@8uurg

8uurg@lemmy.world · 2 days ago

The differences between surviving, living and thriving can be pretty big.

8uurg@lemmy.world · 10 days ago

Saying AI = LLMs is an severe oversimplification though. LLMs and image generators are subsets of AI that are currently most prominent and with which is most commonly knowingly being interacted with, but pretty much every formal definition is wider than that. Recommendation algorithms, as used on YouTube or social media, the smart (photo) search, are further examples of AI that people interact with. And fraud detection, learning spam filters, abnormality (failure) detection, traffic estimation are even more examples. All of these things are formally defined as AI and are very much commonplace, I would not call them niche.

The fact that LLMs and image generators are currently the most prominent examples does not necessarily exclude other examples from being part of the group too.
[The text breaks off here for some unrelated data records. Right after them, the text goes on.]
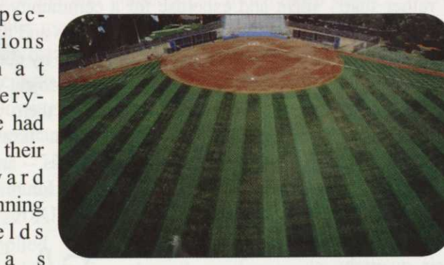
University of California-Davis, College Softball Field of the Year

my entire crew to renovate and submit other outstanding fields at U C Davis." That type of attitude typ-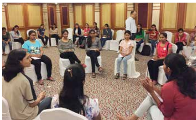
Group Discussion and Interviewing Techniques

The main objective of the program was to build confidence through conversational English thereby strengthening the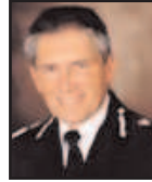
Meredydd Hughes Chief Constable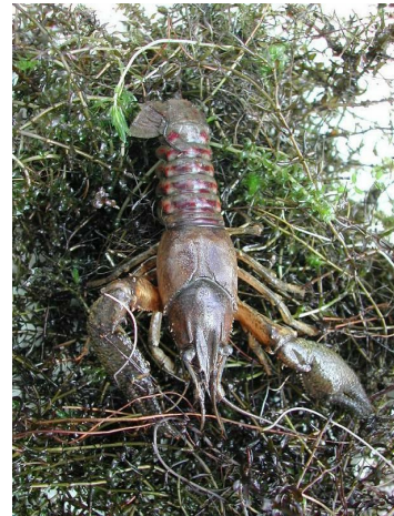
Orconectes limosus (spiny cheeked crayfish)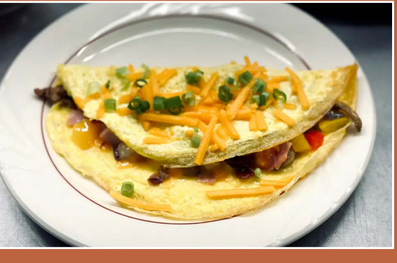
Cold Cereal or Oatmeal Omelet to Order Seasonal Fresh Fruit Sausage Gravy Biscuits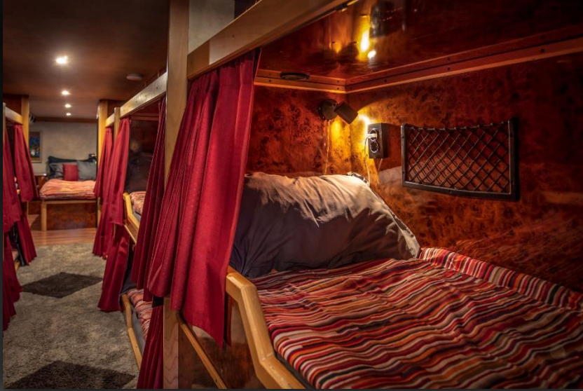
Open doors towards star room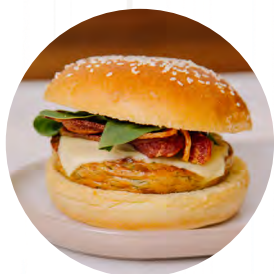
In a Burger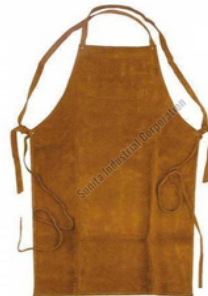
Safety Leather Apron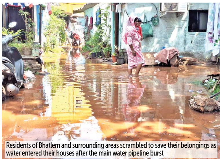
Residents of Bhatlem and surrounding areas scrambled to save their belongings as water entered their houses after the main water pipeline burst

NOBODY VISITED US TO FIND OUT WHAT HAPPENED: LOCAL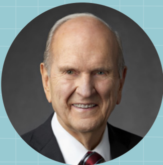
Jān Būreejtōn Russell M. Nelson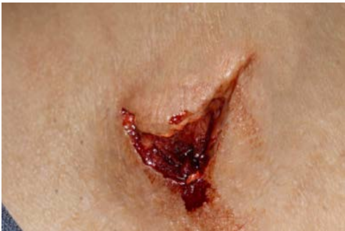
Wound 58: MP5 exit wound at 7m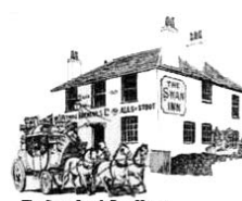
The Swan Inn & Post Horses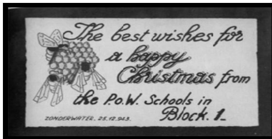
Figure 2: Christmas card made by Italian POW for Zonderwater staff

In later months, these attitudes were expressed in actions. For example, some South Africans and organised Afrikaner groups such as the Ossewabrandwag helped Italian POWs escape from camps and hid them. In other cases, aid was given to families of political detainees because they were often the breadwinners, and their families were destitute. 50 There were also Italians who found themselves without employment and without friends; they were shown respect by other civilians when they were released from internment. However, fraternisation could bring consequences. When a South African soldier in Koffiefontein showed sympathy or kindness towards an Italian internee he was immediately replaced, for example in the case of Major Donkin. Christmas cards (see Figure 2), made by Italian POWs were sent to officers and staff of the camp. 51 This gives the impression that by late 1943 some level of friendship had developed between Italian POWs and South Africans posted there. It seems that domestic attitudes towards Italian residents wavered between hostility and sympathy. The government's attitude, however, was explicit: the Italians were the enemy. 52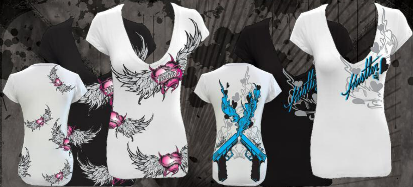
WR4029 BLACK ANGEL WHITE, BLACK 95% COTTON 5% SPANDEX PRINTED V-NECK FRONT AND BACK S-XL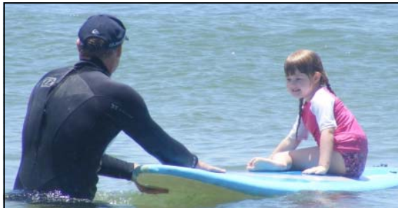
Silver Reward Day, Evans Head 2011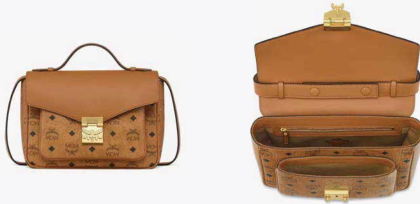
TRACY SATCHEL IN VISETOS LEATHER MIX (SMALL) THB 44,100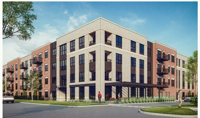
TBD CHECK BACK TO SEE WHERE WE ARE BUILDING NEXT!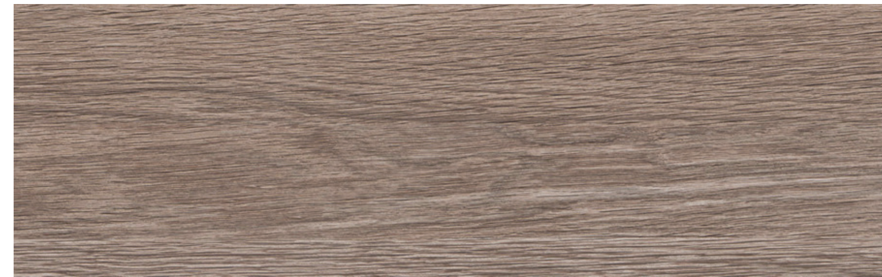
Peninsula Oak Plains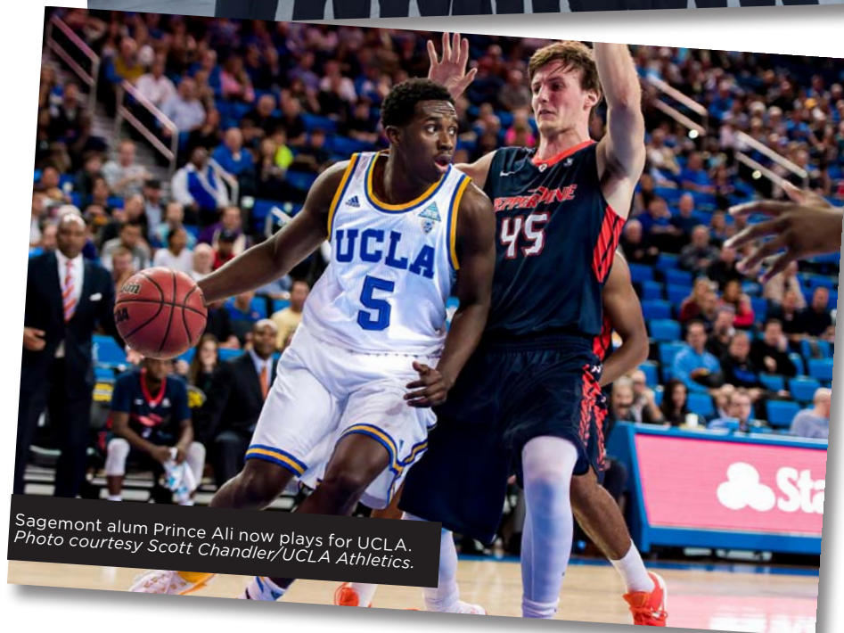
Sagemont alum Prince Ali now plays for UCLA.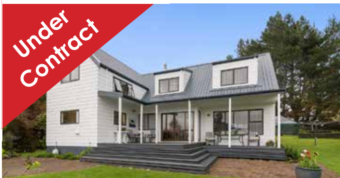
300 Dansey Road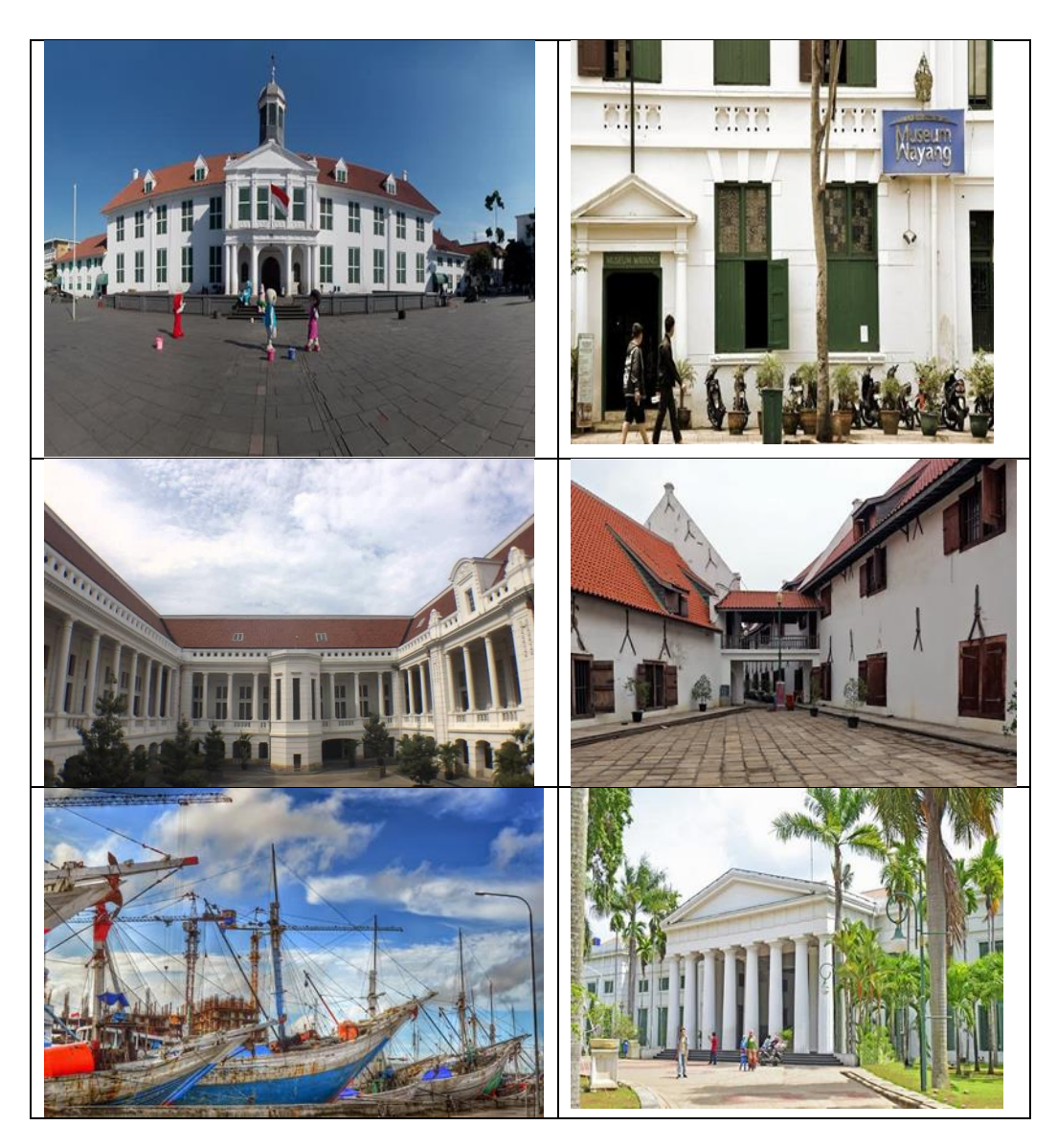
Figure 1. Some of tourist products at Kota Tua Jakarta: Museum Fatahillah, Museum Wayang, Museum Bank Indonesia, Museum Bahari, Museum Sunda Kelapa, Museum Keramik

Using AI as a catch all phrase is simply a case of overgeneralization, in part due to the need of brevity. For some cases the difference does not matter, or is even beneficial. For example, ‘don’t train AI models on my art’ would only marginally affect applications other than image generation and image analysis, and covers any potential future applications that may pop up.

However, statements ‘ban AI’ could be easily misconstrued, and may be interpreted in a much wider manner than what the original author may have intended. There will be people with a variety of definitions to what does or does not constitute AI, which will lead to miscommunication unless it is clear from context.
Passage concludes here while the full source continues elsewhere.